Document the data exposure — not just that the database is accessible, but what types of data it contains and the potential business impact.

💡 MedSecure Scenario: During the MedSecure external assessment, a Shodan search reveals an Elasticsearch instance on port 9200 associated with one of MedSecure's development servers. The instance is accessible without authentication and contains a development copy of patient records. This is classified as a critical finding — it represents both a HIPAA violation and a patient privacy breach.

The Ongoing Challenge

Despite years of high-profile incidents, the problem persists. As of 2024, Shodan queries for exposed MongoDB and Elasticsearch instances still return tens of thousands of results. The reasons are structural:

Cloud makes deployment easy — but security is not automatic.
Default configurations prioritize convenience over security.
Rapid development cycles leave security as an afterthought.
Lack of monitoring means exposures go undetected for months or years.

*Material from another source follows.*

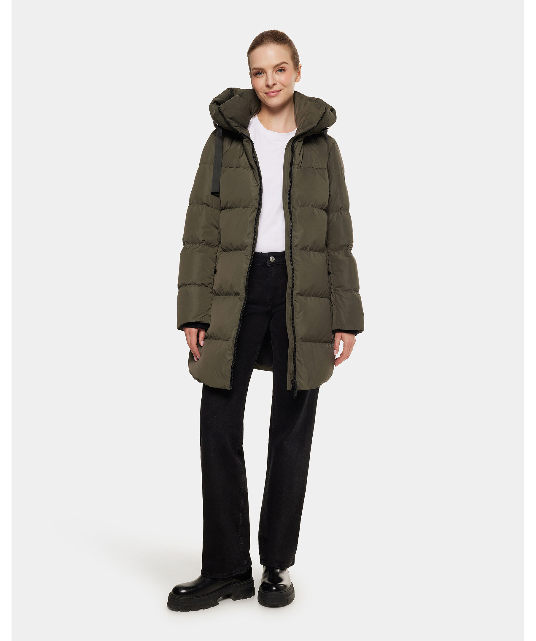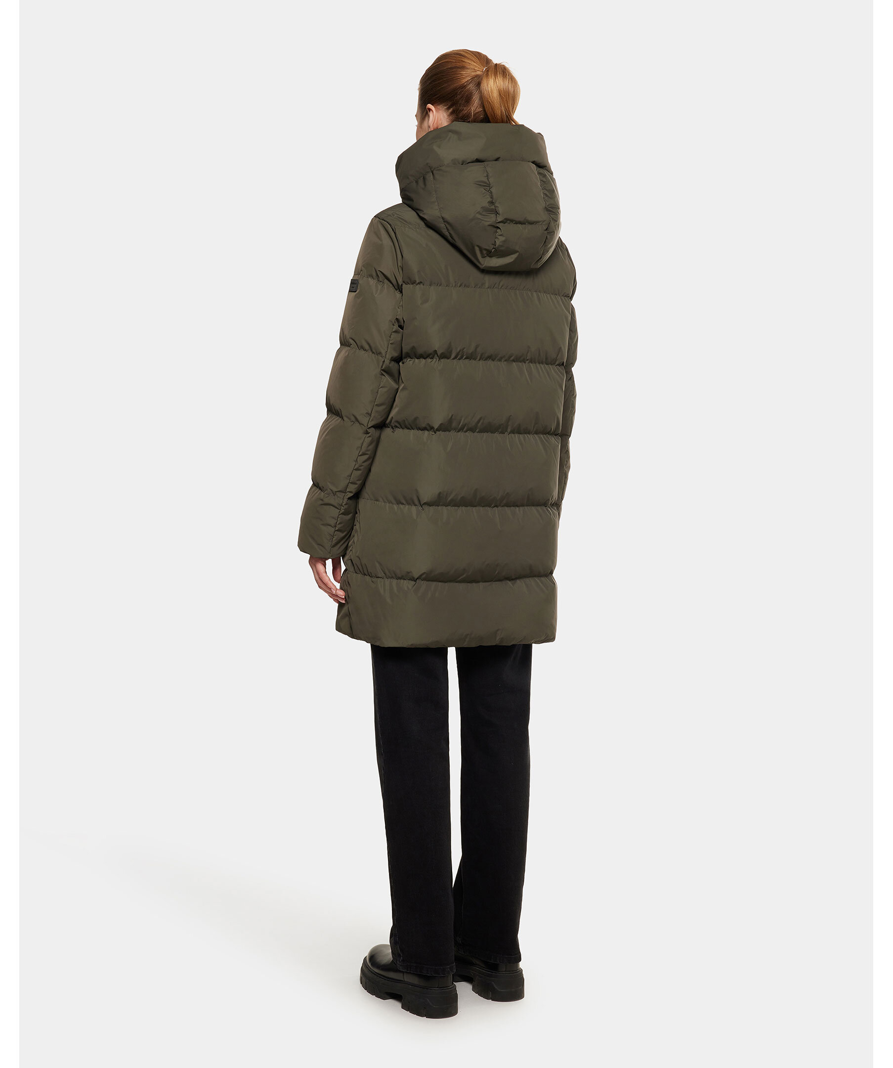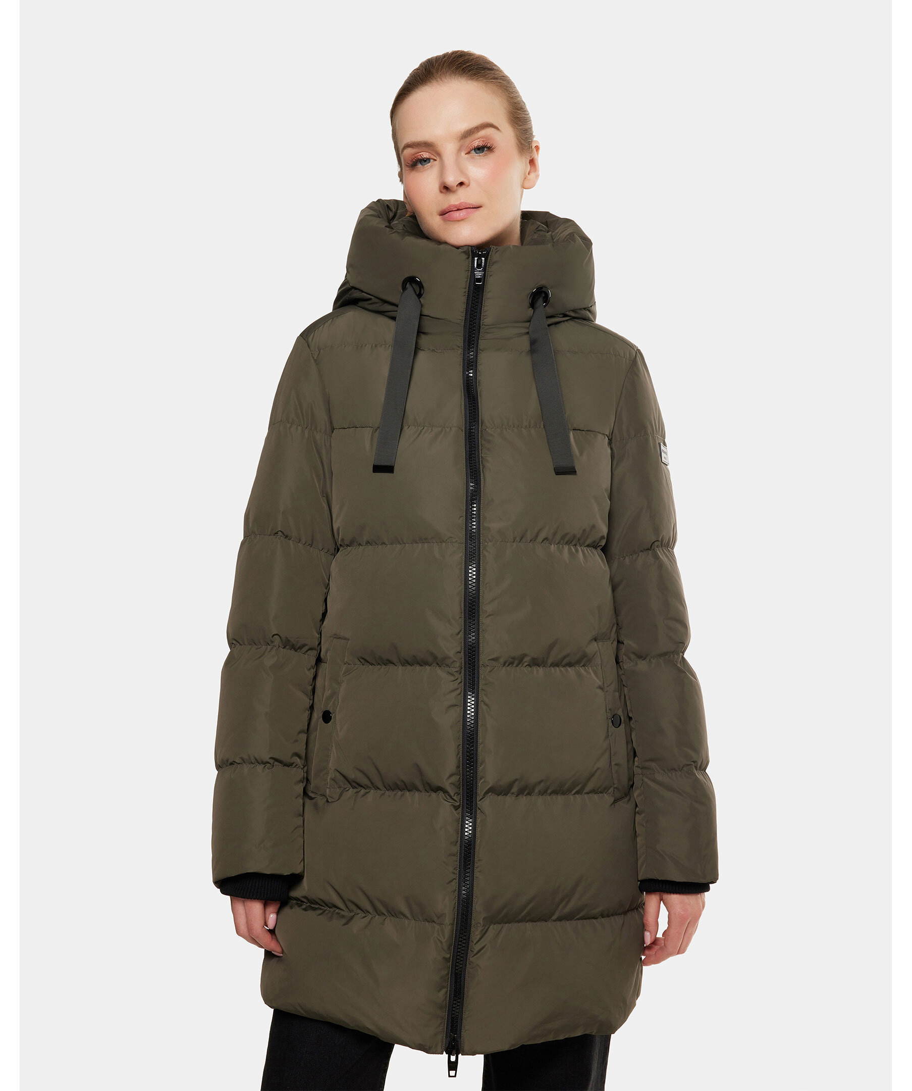 Grön, medellång, vadderad jacka från Rockandblue. Jackan stängs med tvåvägsdragkedja och har en hög krage, huva med dragsko, två sidfickor med knappstängning, ribbstickade ärmslut och logotyp på vänster ärm. Tillverkad i polyester.

Internet-wide scanning tools like Shodan and Censys have made the Internet more transparent. This transparency is a double-edged sword: it enables researchers to find and report exposures, but it also enables attackers to find and exploit them. The race between discovery and remediation continues.

Discussion Questions

Shodan and Censys make Internet-wide scanning data available to anyone. Should access to these tools be restricted? What would be the consequences of restricting versus not restricting access?
Many of the exposed databases were discovered by independent security researchers who then attempted responsible disclosure. However, some organizations responded with legal threats rather than gratitude. How should the security community handle this tension?
Should database vendors be held liable for default configurations that lead to data exposure? Should cloud providers bear responsibility for not flagging obviously exposed services?
If you discovered an exposed database containing medical records during an authorized penetration test, but the database belongs to a different organization than your client, what would you do?
How does the pattern of MongoDB/Elasticsearch exposure relate to the broader concept of "shifting security left" in the development lifecycle?

Key Takeaways

Default configurations kill security. MongoDB and Elasticsearch both defaulted to binding on all interfaces without authentication, directly leading to billions of exposed records.
Shodan and Censys transform Internet-wide scanning from a research curiosity into a practical security tool. Any exposed service will be indexed and discoverable within hours.
Enumeration reveals data exposure. The ability to connect to a database and enumerate its contents is the same skill used by both researchers and attackers.
Cloud deployment amplifies risk when security controls are not configured alongside infrastructure.
Continuous monitoring of your external attack surface (including Shodan/Censys monitoring) is essential for any organization.